After the library closed, my friend Zvika and I left to meet another friend, John Gillespie, at a restaurant near the Omotesando section of Tokyo. We had time to kill before we met John so we wandered around the area, which is famous for its high-end boutiques and restaurants. It's very near the young, hip neighborhood called Harajuku, now a famous brand name in the U.S. The street we walked down led to a structure whose gleaming spire could be seen from a considerable distance. To get to it we walked down a ritzy side street whose brightly lit shops and hair salons are captured in this video.
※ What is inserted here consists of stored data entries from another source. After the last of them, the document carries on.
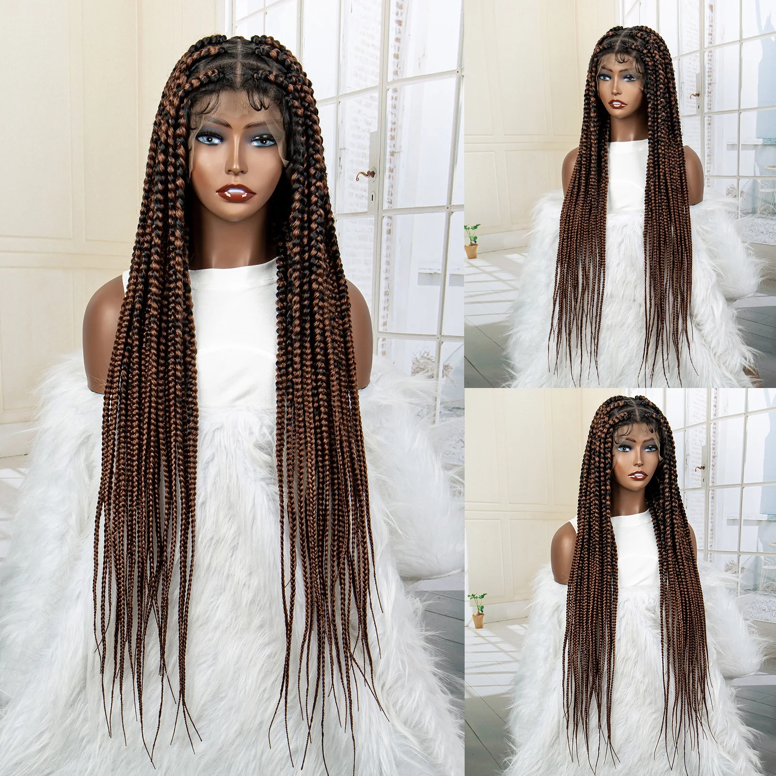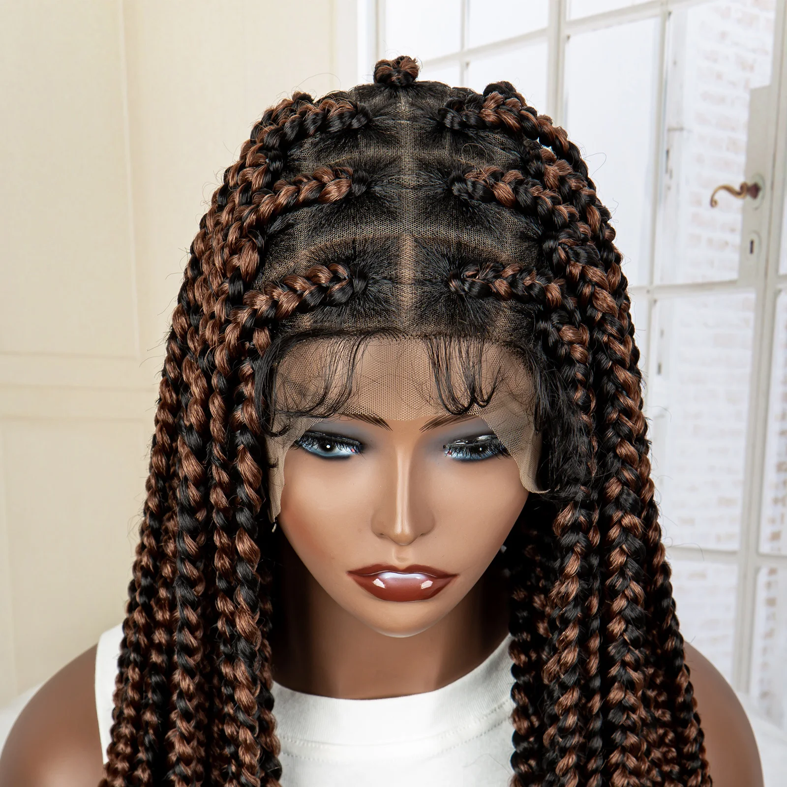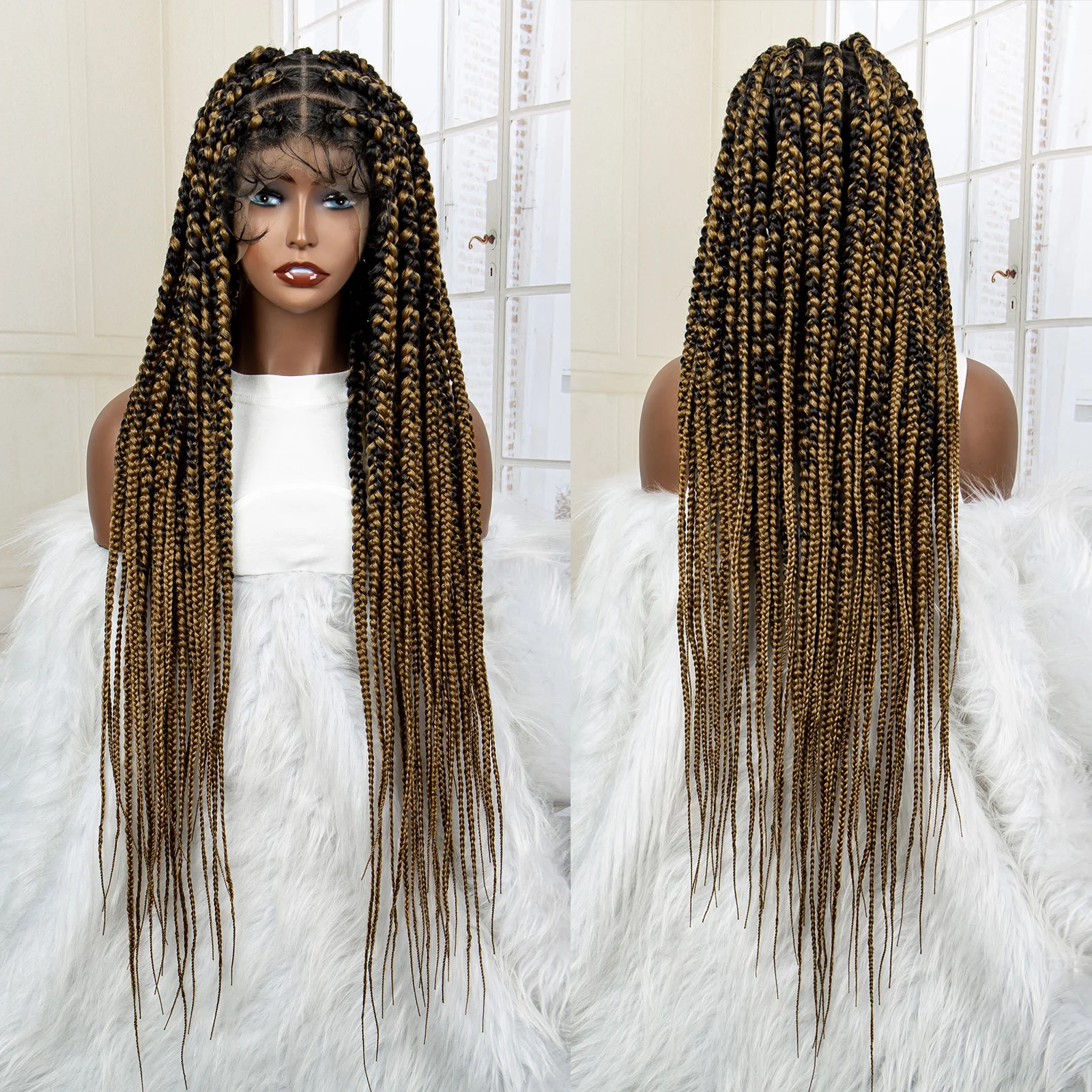 Synthetic Full Lace Cornrow Box Braided Wigs with Baby Hair Wigs for Black Women Lace Frontal Square Knotless Braiding Wigs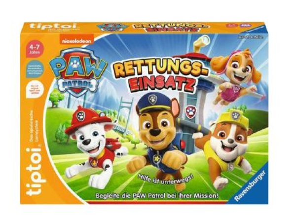 Die Paw Patrol ist wieder unterwegs: Ob zu Wasser, in der Luft oder an Land - die Retter auf vier Pfoten erfüllen spannende Missionen auch in diesem tiptoi-Spiel. Für jeden Einsatz stellen 1-4 Spieler ein Hundeteam entsprechend der geforderten Fähigkeiten und Attribute zusammen. Muss ein Feuer gelöscht werden? Dann ist Marshall die beste Wahl. Wird eine Person vermisst? Spürnase Chase ist in dem Fall der perfekte Hund. Sobald das Team steht, führen die Kinder mit den Hunden die Rettungsmission durch. Dieses Brettspiel für Kinder ab vier Jahren wird durch Nutzung des separat erhältlichen tiptoi-Stifts so richtig lebendig: Geräusche, Sprache und Musik sorgen für ein interaktives Spielerlebnis!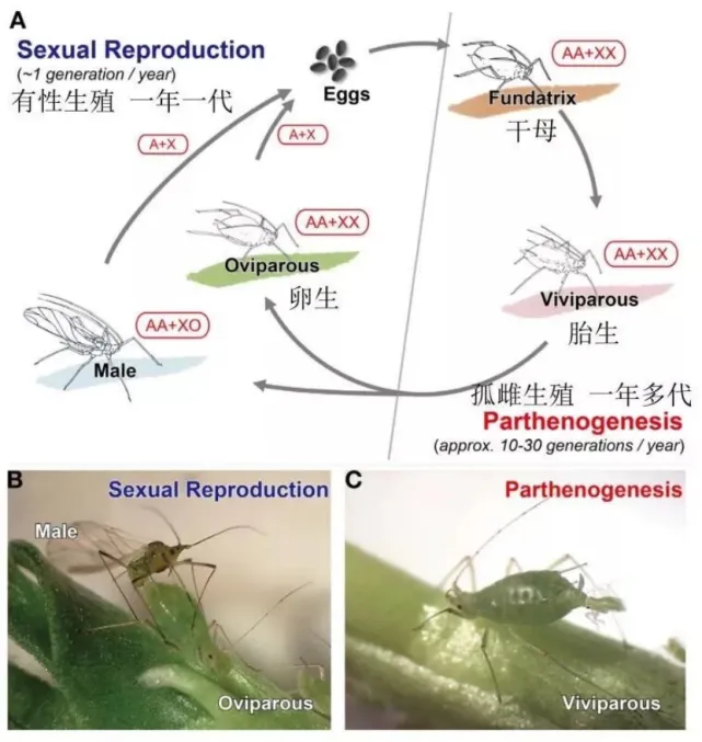 需要说明一下的是,蚜虫的性染色体为特殊的XO型,它们没有Y染色体,性别直接由X染色体数量决定,这是适配其孤雌生殖与有性生殖交替繁殖策略的演化特征。雌性蚜虫均为二倍体,体细胞含成对X染色体(XX),孤雌生殖时通过无减数分裂(类似有丝分裂)产二倍体卵直接发育为雌蚜,有性生殖时经减数分裂产生单倍体X卵;雄性蚜虫体细胞仅含一条X染色体(XO),在产生雄性后代的过程中,雌性蚜虫的卵母细胞进行了一种特殊的减数分裂:常染色体不分离(保持二倍体),而性染色体(XX)发生分离并丢失了一条X染色体。因此,生下来的卵直接发育成了含有XO染色体组的雄性,这些雄性仅在有性生殖世代出现。雄蚜减数分裂产生含X的精子(不携带X的精子会退化),与雌卵结合形成 XX 受精卵越冬,完成染色体循环。

At one point, you can hear a truck blaring one of Tokyo's most familiar street sounds from the old days, the musical voice of a truck vendor crying "yaki imo" (baked potatoes). Our destination proved to be St. Grace Cathedral, a church built only four years ago (two years subsequent to my last visit to Japan), and designed not as a place for religious worship but as a catering establishment for Christian-style weddings (you don't have to be Christian to enjoy St. Grace's facilities), big parties, and so on. You can hear Zvika and me asking the attendants about when the place was built.
As the video shows, directly across the street is the fabulous St, Grace outdoor mall, which we walked through before navigating our way to the restaurant.
Here are some shots taken around Omotesando. First is the distinguished-looking Zvika. Then comes a brilliantly lit truck with a commerical on its side. Then follow a fancy shoe store and a piano store with a couple of unusual pianos (they've been in the window for years). After these come a couple of hair salons.
The restaurant was Pueblo Aoyama, which serves Spanish-style food and has a crowded, funky atmosphere. We ate with John, a business consultant raised in Japan but long resident in New York, who is an expert in modern Japanese theatre, his nephew, Jason, and Jason's Japanese friend, Kaya, a linguist. The food, wine, and company were wonderful, and by the time I got home, I was practically dead to the world.